Vous aurez constamment affaire à ce qu’on appelle l’effet Hawthorne : les participants ont conscience de participer à un test dans lequel on mesure (in)directement leur performance. Cela se traduit généralement par une plus grande motivation à réussir la tâche demandée. Cet effet est à rapprocher de celui de désirabilité sociale : les participants chercheront à se présenter sous un jour favorable à l’évaluateur.  

La désirabilité sociale
L’utilisateur se présentera toujours sous son plus beau jour.

Analyse qualitative ou quantitative ?

L’analyse qualitative est souvent associée à une « évaluation in situ avec peu d’utilisateurs » et l’analyse quantitative à une « évaluation à distance (ou en ligne) avec de nombreux utilisateurs ». En fait, la seule distinction entre les deux tient à la nature de l’analyse réalisée.

L’approche qualitative permet d’identifier des grandes tendances. Elle cherche à étudier les faits, les comportements, les opinions plus en profondeur. L’approche quantitative, quant à elle, a pour objectif de récolter des informations chiffrées quantifiables, en vue de faire une analyse statistique et des inférences pour les généraliser à l’ensemble de la population. C’est cette visée statistique qui requiert la participation de plus de participants que pour l’analyse qualitative.

Les deux approches sont scientifiques, poursuivent des logiques semblables et sont concernées de manière identique par la représentativité des résultats obtenus.

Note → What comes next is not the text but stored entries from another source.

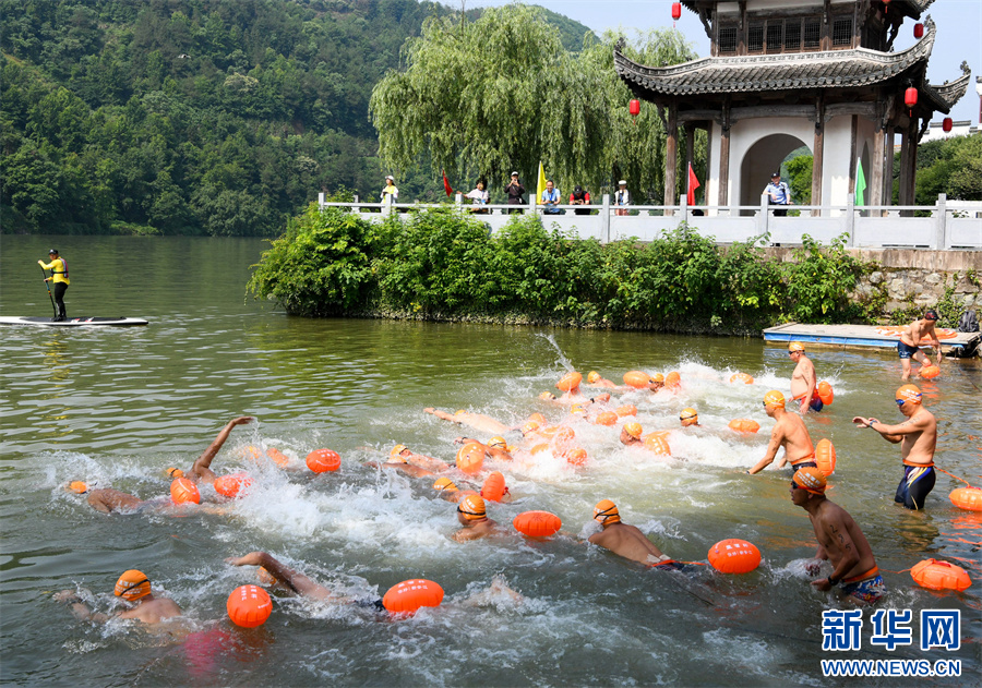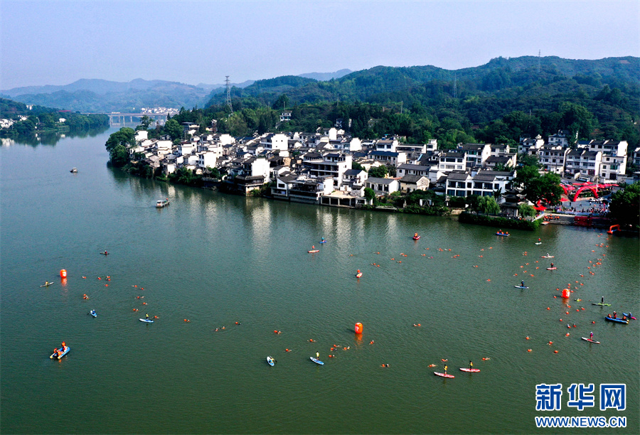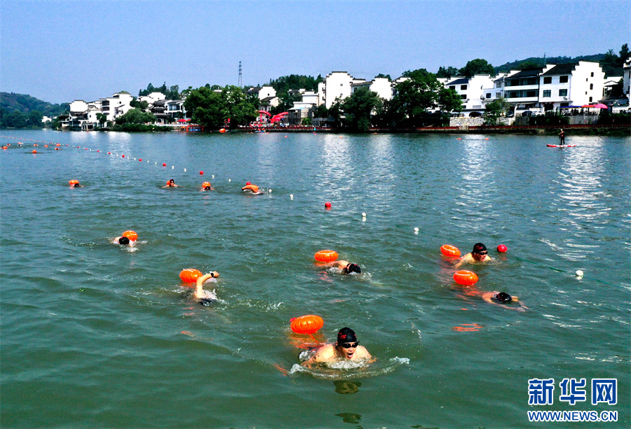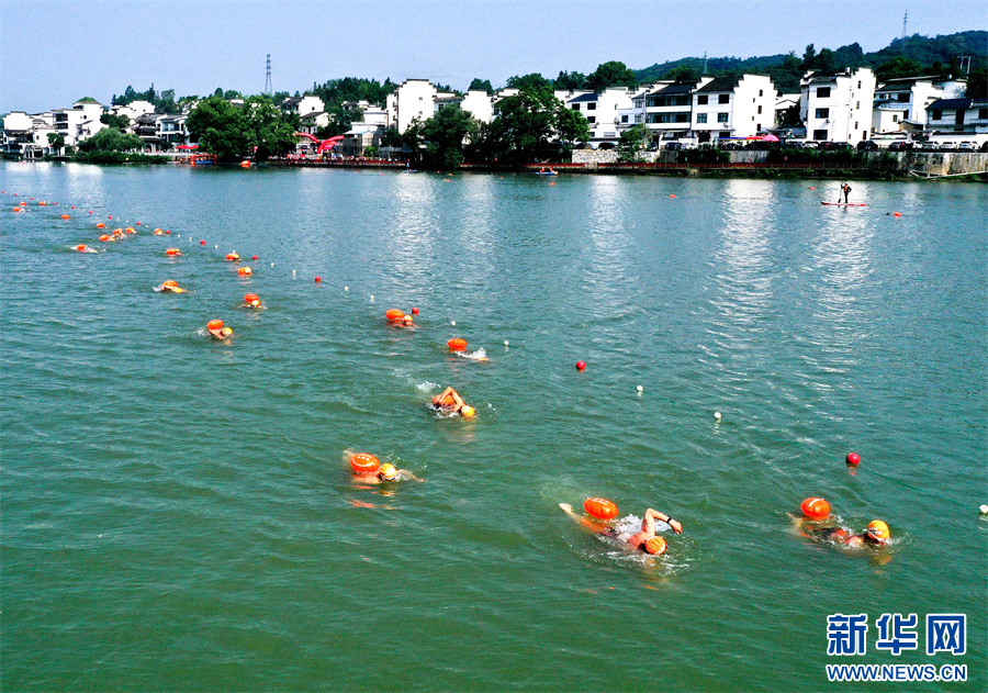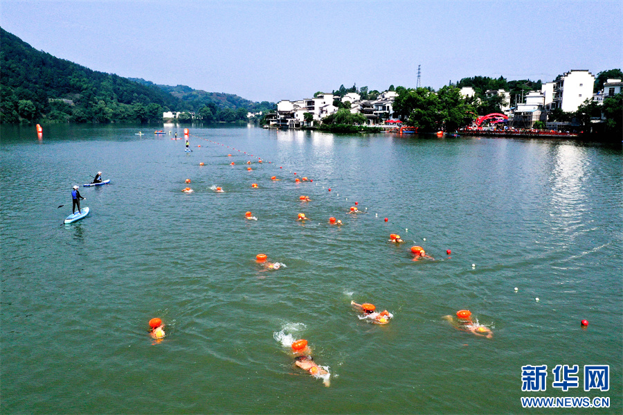 5月27日,参赛选手在2025长三角黄山(歙县)新安江公开水域游泳邀请赛中比拼。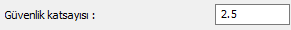Güvenlik katsayısı ![]() İzin verilen toplam taşıma gücü kapasitesinin hesaplanmasında kullanılan güvenlik katsayısı değeri girilir. Qa = Qu / GüvenlikKatsayısı Qu = Kazığın nihai taşıma gücü momenti Qa = Kazığın izin verilen(emniyetli) taşıma gücü momenti |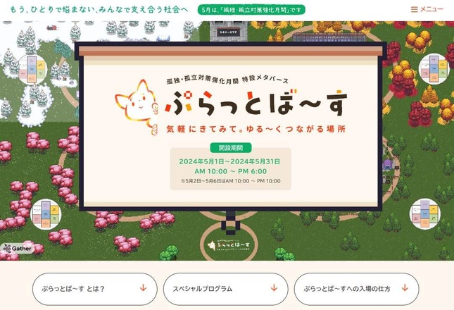 孤独・孤立対策強化月間の2024年5月1日~31日、内閣府はメタバース(仮想空間)「ぷらっとば~す」を開設している。孤独・孤立の問題を抱える当事者やその周囲の人など、誰もが気軽に立ち寄れる空間を目指している。

Elles sont finalement deux visions d’une même situation.

En conclusion

L’utilisateur est une denrée rare, pressez-le, dans le bon sens du terme, pour extraire un maximum d’informations.

Ne surestimez pas l’effet « super users » (utilisateurs qui ont l’habitude de participer à de nombreuses sessions utilisateurs). Vous pouvez les solliciter pour des tests de nature différente. Veillez uniquement à ne pas les convier plusieurs fois pour le même produit.

Enfin, une dernière petite mise en garde : fréquemment, les évaluateurs ont tendance à uniquement relever les choses qui valident leurs hypothèses de départ. Attelez-vous surtout à relever celles qui les invalident. Les tests doivent surtout vous permettre d’identifier quelles sont les parties d’un produit qui ne sont pas satisfaisantes.

Ce qu’il faut retenir :

  • utilisez des personas pour décrire vos utilisateurs et leurs objectifs ;
  • définissez un protocole rigoureux pour organiser votre évaluation ;
  • menez votre évaluation sans influencer vos participants ;
  • combinez analyse exploratoire et analyse quantitative.